Non-Lancefield Streptococci

All other streptococci lacking the Lancefield antigens are thus considered non-Lancefield (or nontypable) streptococci. Several are frequently encountered in animals and are detailed below.

S. uberis

If hygienic measures have been effective to control the dissemination of S. agalactiae, the same cannot be said for S. uberis, which remains a major animal pathogen and a leading cause of mastitis in cattle (15, 16). This nonserotypable organism has an environmental origin, possesses a flexible metabolism, and is almost exclusively adapted to cattle (40). Infections can occur by a variety of strains, which in some cases are able to persist and propagate among different cows within a herd (41, 42). Rarely, it has been responsible for mastitis in heifers, and even more rarely it has been isolated from shrimps (43–45). The control of S. uberis propagation is more challenging than that of other Streptococcus spp. probably because of its ability, among others, to survive on bedding material (46, 47).

S. iniae

Another nonserotypable species is S. iniae, which was primarily isolated from diseased dolphins and was subsequently confirmed as a major fish pathogen and as responsible for soft tissue infections in humans with zoonotic features (Table 1) (48–52).

S. pneumoniae

S. pneumoniae is a major streptococcal pathogen of humans and is responsible for serious infections such as pneumonia and meningitis; reports of infections in animals are extremely rare and concern horses with respiratory tract infections (53). A recent publication also reported S. pneumoniae, probably of human origin, in wild and captive chimpanzees (54). The spread of this pathogen due to the migration of infected animals to other communities or the reintroduction into wild populations of formerly captive animals might be a real danger.

Viridans streptococci

These organisms were defined as viridans because of the hemolytic features described above that produce a greenish pigmentation on blood agar, their absence of Lancefield antigens, and their resistance to the chemical compound optochin. Generally, viridans streptococci are implicated in the establishment of dental caries, arthritis, and infective endocarditis in humans (50–52).

Certain Streptococcus species, including S. sobrinus and S. mutans, the first representative of the mutans group; S. salivarius, S. vestibularis, and S. infantarius from the salivarius group; the anginosus group, including S. anginosus, S. constellatus, and S. intermedius; the sanguinus group, including S. sanguinis, S. parasanguinis, and S. gordonii; and most species of the mitis group, including S. mitis, S. oralis, S. cristatus, S. infantis, and S. peroris, have exclusive human adaptation; others have been found only in animal hosts, such as S. macacae from monkeys, S. ferus from wild rodents, S. orisratti from rats, and S. hyointestinalis and S. hyovaginalis from swine, with no associated diseases (55–59). Three species of the viridans group, namely S. sobrinus, S. criceti, and S. ratti, have been reported from humans and experimental rats, whereas S. alactolyticus has been found in swine, dogs, and humans (56, 60, 61); S. downei was isolated first from a monkey and more recently from human dental plaque (62, 63). Another species of the viridans group, S. pluranimalium, has been reported rarely. It was first reported in 1999 from bovine mastitis, and few clinical human cases have been reported since then (64, 65).
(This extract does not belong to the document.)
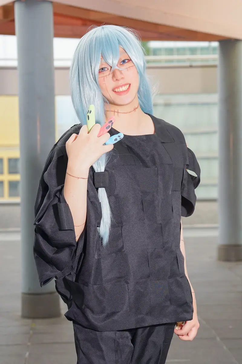 裸眼でのコスプレは初めてだったので、違和感が出ないツリ目メイクを心がけました。暴れまわる髪の毛を結うのが一番疲れました
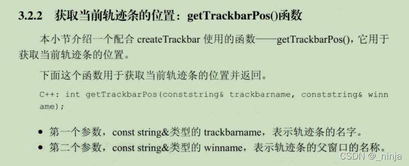 cout << "bar pos = " << getTrackbarPos(TrackbarName, WINDOW_NAME);

This brief introduction does not pretend to be exhaustive. The reviews by Póntigo et al. and Facklam provide a comprehensive nomenclature and classification of streptococci based on molecular and phenotypic features, respectively (1, 66).

EVOLUTION OF ANTIMICROBIAL RESISTANCE IN VETERINARY STREPTOCOCCI

Monitoring Programs

Prevalence data on antimicrobial resistance were principally obtained through dedicated studies performed at the scale of a region, a country, or a consortium of countries. However, only monitoring programs can give an evolutionary picture of antimicrobial resistance rates over time. Consequently, surveillance systems are highly valuable to follow trends and detect emergent resistant phenotypes.

Several national surveillance and monitoring programs in veterinary medicine exist in Europe (67), including the Monitoring of Antimicrobial Resistance and Antibiotic Usage in Animals in the Netherlands program, the Swedish Veterinary Antimicrobial Resistance Monitoring program (SVARM), the Danish Integrated Antimicrobial Resistance Monitoring and Research Program, the German Resistance Monitoring in Veterinary Medicine program, and the French surveillance network for antimicrobial resistance in pathogenic bacteria of animal origin (RESAPATH). Two similar programs cover the North American continent, the National Antimicrobial Resistance Monitoring System for Enteric Bacteria in the United States and the Canadian Integrated Program for Antimicrobial Resistance Surveillance, and one reports Japanese data (the Japanese Veterinary Antimicrobial Resistance Monitoring program). An additional industry-based pan-European monitoring program commissioned by the Executive Animal Health Study Center investigates pathogens from farm (VetPath) and companion animals (ComPath). In addition to the recurrently criticized lack of harmonization (67, 68), a major feature of most programs is their main focus on bacteria of animal origin but of relevance for human health, such as zoonotics and commensal indicators. Accordingly, streptococci of animal origin were poorly included, and data on their resistance to antimicrobials remain limited at a global scale. Indeed, only two monitoring programs reported data on a long-term basis: the Monitoring of Antimicrobial Resistance and Antibiotic Usage in Animals in the Netherlands program from 2002 to 2008 and RESAPATH from 2006 until today. Other programs such as the Swedish Veterinary Antimicrobial Resistance Monitoring program (in 2002), the German Resistance Monitoring in Veterinary Medicine program, and ComPath/VetPath have also documented antimicrobial resistance in streptococci, but on a sporadic basis.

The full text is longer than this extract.